Clock tree synthesis, who’s responsibility?

During the physical implementation phase, I have seen engineers keep pushing the task of CTS (Clock Tree Synthesis) back and forth between the placed-and-route engineer and the engineer that delivers the netlist and constraints (Toplevel integration engineer). If the design closed timing, then everyone is happy. But when it is failing timing, which might be pretty late on the design phase, then the engineer start to push the responsibility around. I bet everyone has gone through that phase.

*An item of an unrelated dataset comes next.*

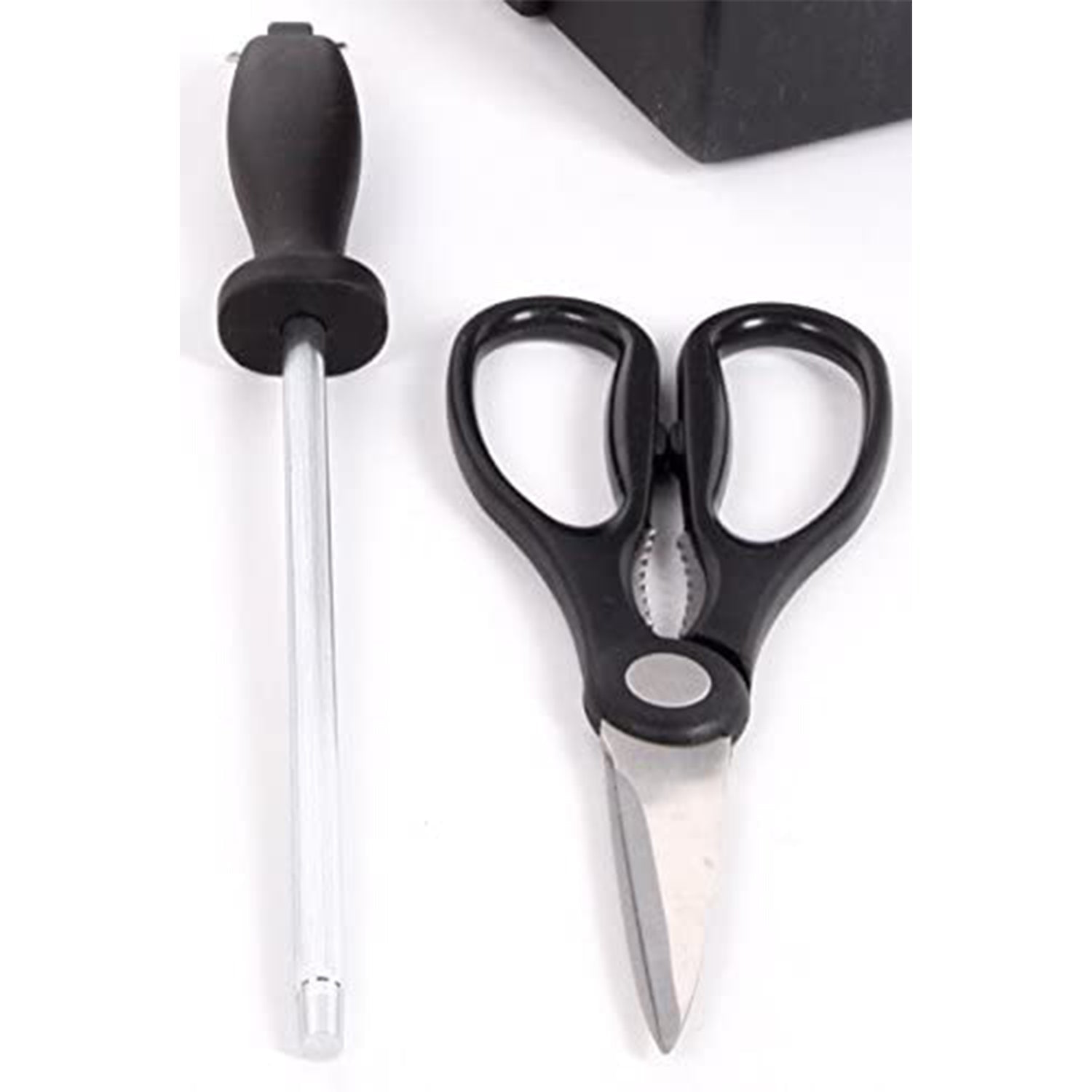 We know you take cooking seriously. Whether you're new to cooking or have been at it for years, this full cutlery set will become an essential piece in your home. With the included (6) 4.5-inch steak knives, (1) 6.5-inch santoku knife, (1) 8-inch carving knife, (1) 8-inch bread knife, (1) 5-inch utility knife, (1) 3.5-inch pairing knife, (1) kitchen scissors, (1) sharpening steel, and (1) 360-degree swivel block, you can conveniently make all your favorite meals.

The ONLY solution is both engineers has to work together to UNDERSTAND both the logical behavior of the clock tree and the physical restriction in the early phase of the physical implementation. Note, even with the CDC clean netlist does not mean you have a clock tree that will work properly in the physical world. To make it worse, sometime clock tree synthesis is not part of the project planning and the management cannot comprehends the complexity of the clock structure.


Design Aspect:

It starts from the design phase where the clock structure is architect. The fundamental idea is to keep it simple and reduce the level of MUX. And if possible keep the clock logic in a single block/module. A clock diagram is a MUST, both for designer to verify the structure and to guide the PnR engineer in CTS. The “set_false_path” command  between clocks is for timing closure, might be not true for CTS. If logically a clock path is crossing to another clock domain accidentally, CTS will most likely assume those endpoints are part of the clock group. Flops used as dividers and other clock function within the CLOCK module might not necessary needs to be CTS, sometime special care is needed to ensure CTS is done correctly.

Physical Aspect:

Pay attention to FFs in the clock modules, most likely those FFs might not need to be balance with the design endpoints. Designer will need to confirm the clock structure, and also any logic that has clock propagating through. The chances of a “unwanted” clock snicking through is high if the design has a complex clock structure. It could be going through a MUX, an AND/OR gate or *AOI* gates. It doesn’t matter if functionally the clock is gated off, a good example will be a MUX that has a CLK1 and CLK2. The tool will see both of them and try its best to balance and make it work, this might cause issue in insertion delay etc. With in depth understanding and study of the netlist, correct “sinks, ignore and non-stop” points are inserted to control the “flow” of the clock. Pay attention to undesirable endpoints and ignore points. Some macro IP does not have clock pin define in the liberty file, PnR engineer will need to explicitly set it.



Both side engineers will have to understand the clock tree and do it as early as possible. First of all, the front-end engineer will have at least have a clock diagram in place. It is a benefit for the designer, as well as, the back-end engineer. Sometime it is hard to piece together the full toplevel clock structure. Start with the full chip SDC, pay attention to the relationship between the “create_clock” and the “create_generated_clock”. Draw it down and trace out the logic, that should give you an overall picture of the clock structure. Next, review those “async” clock group and “set_false_path” to make sure not clock domain crossing. Look for IP block that has clock logic in it, you might need to control them during CTS.

With all the information collected and drawn down, it is time to share it with the PnR engineer. Once the design is placed, the PnR engineer’s job is to scout around for clock related logic in the placed database. This is to ensure that clock logic is correctly placed, and not scattered all over the place or placed in a undesirable region of the floor plan. Identify flops inside the clock module and highlight them to the front-end engineer. Using the PnR tool to report the clock structure of the design (Pre-CTS) and review them with front-end designer. After the discussion, tweak the clock constraint and repeat the process until the Pre-CTS clock structure report is correct. Example if the CPU clock is ONLY driving 50 FF and the report is showing like 80 FF. Then something is wrong, maybe another clock has accidentally merged with CPU clock. Find the interception point and block it. Once this phase is done, go ahead and run your clock tree synthesis. Take note of the runtime and the insertion delay, and do a Post-CTS clock structure report. Review the shortest and longest clock path per skew group, if congestion is not the issue then it might be a design constraint problem. Finally, communicate the findings and concerns to the front-end engineer of how it might impact the CTS. There is NO one man show here, failure in ironing out the structure will only delay the project more.

Hopefully, this short article is able to help engineers to understand the importance of clock planning more and work out a solution that benefit both the front-end and back-end engineers.